‘Pray, my little girl, take care, and keep clear from weeds the row of grass I sowed in the round garden, on right hand about ten yards long, but don’t take up anything like grass. And if the two willows which I brought last year 1,000 miles from France are alive yet, give them some water; one is by the hole, and the other by Arthur’s garden—I made little mounds around them. You do not know, my little Bobbin, how much I long to have a walk with you at Bradfield. It is a sad thing I have no letter here; I shall have none till Clermont. I desire a particular account of my farm to be sent here.

‘I have been ill from heat and fatigue, and had a sore throat, but by care and an antiseptic diet I am now, thank God, quite well.

‘What do you think of the French at such a moment as this with a free press? yet in this capital of a great province there is not (publickly) one newspaper to be seen; at a coffee house, where twenty tables for company, not one. What blessed ignorance. The Paris m—— have done the whole, and are the only enlightened part of the K——.

‘Adieu, my dear B.

‘I am, yours affectionately,

‘A. Y.’

[In a note A. Y. writes:]

‘I found Madame la Comtesse de Guerchy a very pleasant, agreeable woman, and among other trifles which occurred at their house was an expedition into the kitchen to teach me to make an omelette, the operation attending which occasioned no little merriment both in the kitchen and parlour. I succeeded pretty well.’[[137]]

1790.—All this summer I was employed in preparing my [French] Travels for the press. In October I had a violent fever, which brought me to the brink of the grave. I made a minute of that illness in the following words: ‘From almost the bed of death, it pleased the Divine Goodness to raise me up, and I remember it was in perfect hardness of heart and free from all true or grateful feelings. I was in a state of blindness and insensibility, on which I reflect with horror and amazement.’[[138]]

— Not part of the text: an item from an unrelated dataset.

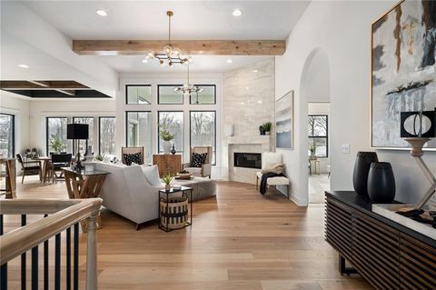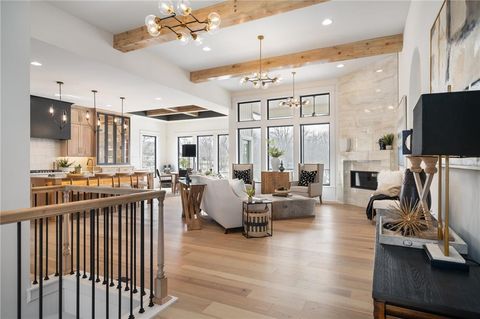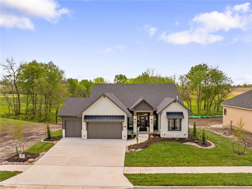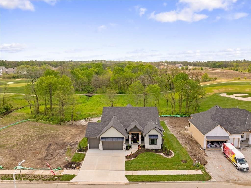 PRICE REALIGNED! MODEL HOME IS NOW FOR SALE. This popular "Expanded Windsor" reverse 1/2/ ranch floor plan by C&M Builders truly checks all the boxes both inside and out! Situated on one of Creekmoor's most beautiful golf course lots, it offers privacy while still providing a front-row seat to the action on the course and the occasional visit from local wildlife like deer. Inside, the home boasts a spacious primary suite with a large bath, walk-in closet, and direct access to the laundry room for added convenience. On the same level, you'll find another versatile room that can serve as a bedroom or office, along with a bath. The expansive great room features vaulted ceilings, a cozy fireplace, and a wall of windows that bring in tons of natural light. This opens up to a fantastic kitchen and dining area, perfect for hosting gatherings. Just off the dining area, a covered deck offers a tranquil spot to enjoy your morning coffee or unwind at the end of the day. The walk-out lower level is equally impressive, with two additional bedrooms, a bath, and a large family room with a wet bar - ideal for kicking back and watching your favorite games, especially cheering on the Chiefs!

I cannot speak of the ingratitude of my heart to God at this period but in the strongest terms, as it amounted to a degree of insensibility quite unaccountable. I fear that not one thought of God ever occurred to me at that time, and I doubt whether [it was so], while one evening I had resumed the habit of prayer, that is, of those formal prayers which an unconverted person may repeat without any real devotion; and yet during my delirium the physician afterwards told me that I one day broke forth into one of the most eloquent and sublime prayers he ever heard, to his utter astonishment.